Sense and sympathy
Tim AbrahamsSchiller is not performed much in the UK. If we want five-act historical plays we choose Shakespeare. They suit our tastes better - bloodier, bolder characters and more dynamic than Schiller's rhetorical set-pieces. His is the drama of reason rather than emotion. Even Maria Stuart, who has had her husband killed and has now taken up with his murderer, is a figure who tries (unsuccessfully) to argue her way rationally out of the hole she is in.
Schiller shows her as a politician who relied too much on her looks to get what she wants. She is an actress and for the director presents a major problem. How good an actress is she? In this Vienna Burgtheater production by Andrea Breth, lead actress Corinna Kirchhoff plays out her last hand in desperation; but by the end has fallen in love with her own romantic fate. When she swoons into the arms of Leicester in the final act, it is hard to know if she is fainting or making one last bid for the affections of a man who might grant her freedom.
Breth's production is a thing of real splendour, particularly after the apocryphal meeting between Mary and Elizabeth - a scene that the actresses attack rather than draw out. It may not possess the sense of symphony present in the same company's Seagull last year, but Breth has wrought a modern tragedy from a play whose politicking can seem remote to a British audience. From characters who have no sense of themselves and who make rational arguments in verse, she has conjured up a collection of personalities with unexpected depth - the cowardly but sympathetic Leicester, the melodramatic Mortimer.

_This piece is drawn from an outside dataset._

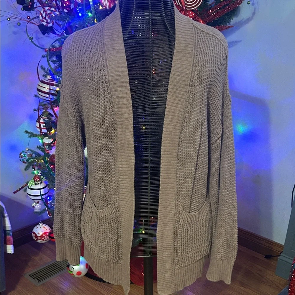 Stay cozy and stylish with this women's brown open-front sweater. Perfect for layering, this versatile piece is a must-have for your wardrobe.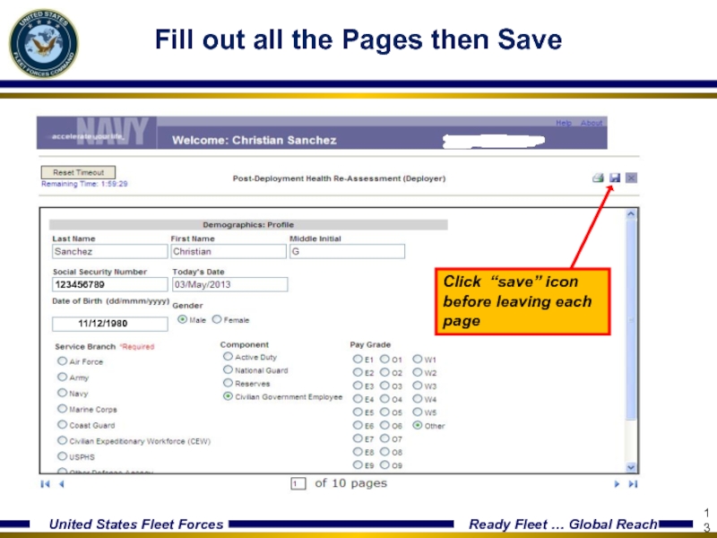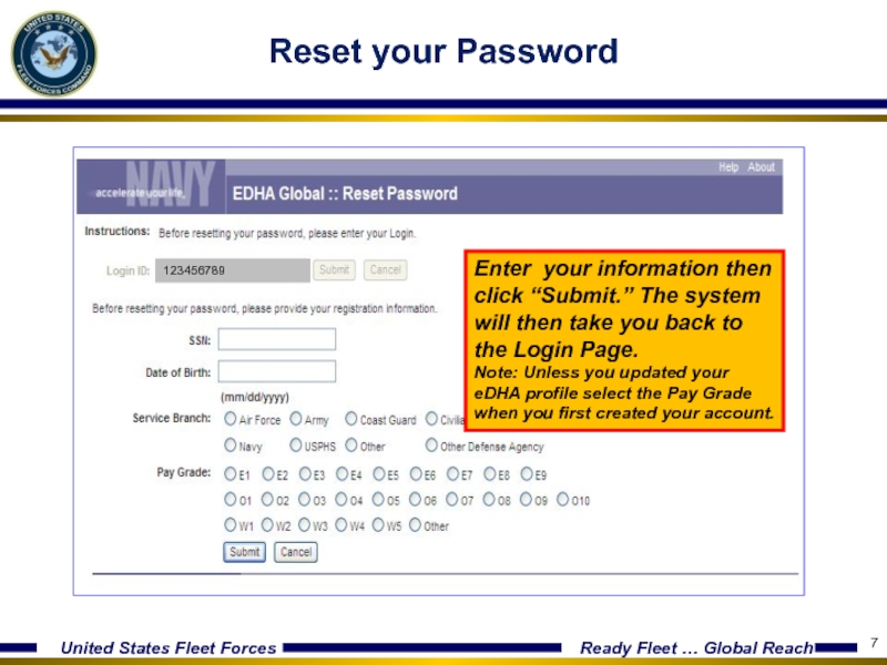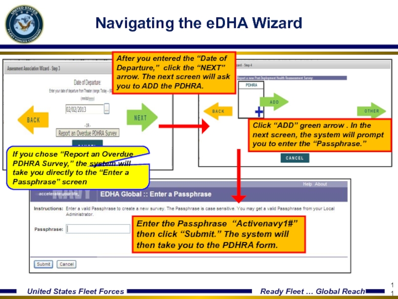 Enter the Passphrase “Activenavy1#” then click “Submit.” The system will then take you to the PDHRA form.

The field is led, however, by the finest performance of this year's Festival from Elisabeth Orth as Elizabeth. Throwing off her ear-rings and slouching in her chair, she begins her soliloquy with a moment of anachronistic genius and continues to define the character for a modern sensibility. Her rival isn't permitted the same opportunity to explain herself. It's hard to know how deliberate an act it is but Breth has revealed something. Schiller's real sympathy lies with Elizabeth.